Explaining the Turtle Soup trading strategy

The origin of the Turtle Soup trading strategy comes from a trading group who dubbed themselves “The Turtles”. As a group of like-minded strategists, they found that they used almost the same techniques to make profits, so it was natural for them to form a collective and call their strategy the Turtle strategy. In fact, they do have something in common with the animal in the sense that there could be problems if it is turned upside down onto its shell – and this equates to loss in trading. This obvious flaw gave rise to a new strategy.

A soup has several ingredients blended together, so that’s not all there is to the strategy. Linda Bradford Raschke, a very talented futures and commodities trader, took the Turtle trading techniques and combined it with her own successful ones to form a new strategy. She called it Turtle Soup.

How does the Turtle Soup strategy help?

Turtle Soup helps you spot false breakouts. A false breakout is when the price breaks through a certain barrier or support or resistance level but then quickly retreats to where it was before that, without being able to move and break out again. When the price quickly reverses like this, it is known as a false breakout. If you’ve acted on a false breakout, it could be disastrous. Of course, reversals on their own aren’t necessarily bad for you – it’s how you’ve acted on the information that counts. Whether it’s in CFD trading or commodities, traders rightly despise market anomalies such as false breakouts.

Turtle Soup trading strategy doesn’t teach you to actually avoid false breakout at all costs. Instead, it shows you how to spot them and then profit from them.

What you need and how to execute Turtle Soup strategy 

For this soup, your two main ingredients are:

  • A timeframe of not less than M15
  • A bullish market outlook and scenario

Here’s the recipe:

  • Open the chart. You need the 20 last candles, so locate them. This forms your period of analysis.
  • Find the peak and the low of this chosen range, and mark these using horizontal lines so they are clear.
  • Check to see that the minimum or maximum levels you have identified are positioned at a distance of four days or more from the candle belonging to the day you’re doing this.
  • Subsequent to the price falling below the period’s low, put your buy stop order five to ten pips higher than the previous 20-candle low.
  • If the order is indeed triggered, place a stop loss order one pip beneath the minimum of your current candle.
  • If you’re in a profitable position, use the trailing stop loss. Move your stop loss so it sits after the price as the price moves in your favor.

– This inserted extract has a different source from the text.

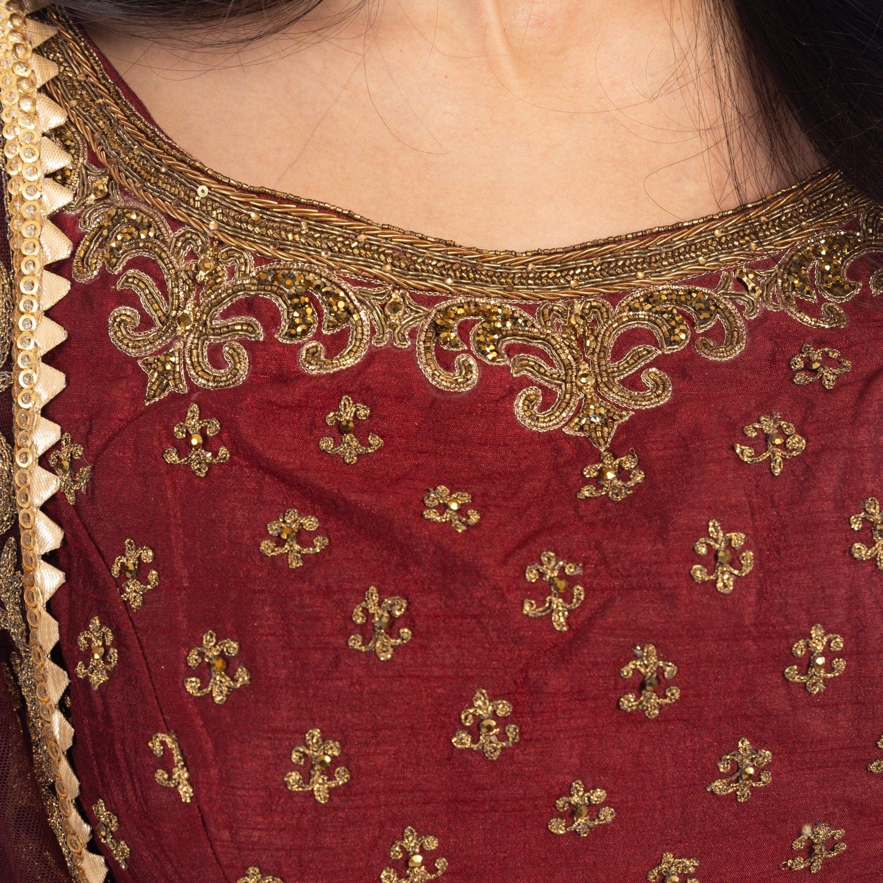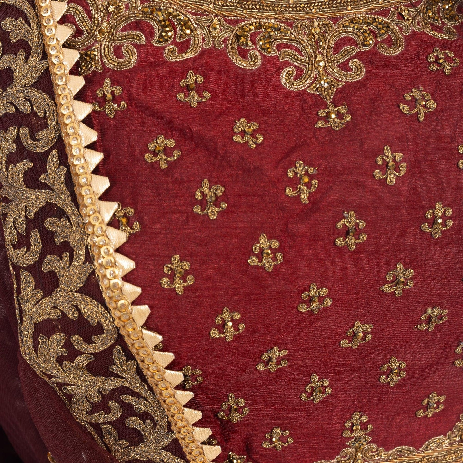If you are a diva who loves to turn heads wherever you go and this stunning pastel aqua green colored partywear lehenga choli. The lehenga is made of art silk fabric that has been enhanced with lovely heavy zari embroidery which makes this outfit perfect for any occasion. Comes along with maroon blouse and embroidered lace netted dupatta to complete the look.

Although this strategy appears to be easy, it can be challenging in practice. The level of complexity is slightly deceptive compared to some more routine, broadly used, bread-and-butter strategies. However, Turtle Soup can be delicious and lead to tasty profits – it all depends on how well you cook it.

The main issue that might be stopping you from enjoying this strategy is that if you’re quite new to trading, it may be difficult to spot false breakouts. That should not be a deterrent, however. After all, you didn’t know everything when you started to learn CFDs. Similarly, you can take the time to get better at spotting these potentially nasty false breakouts, and then make a delicious meal of it.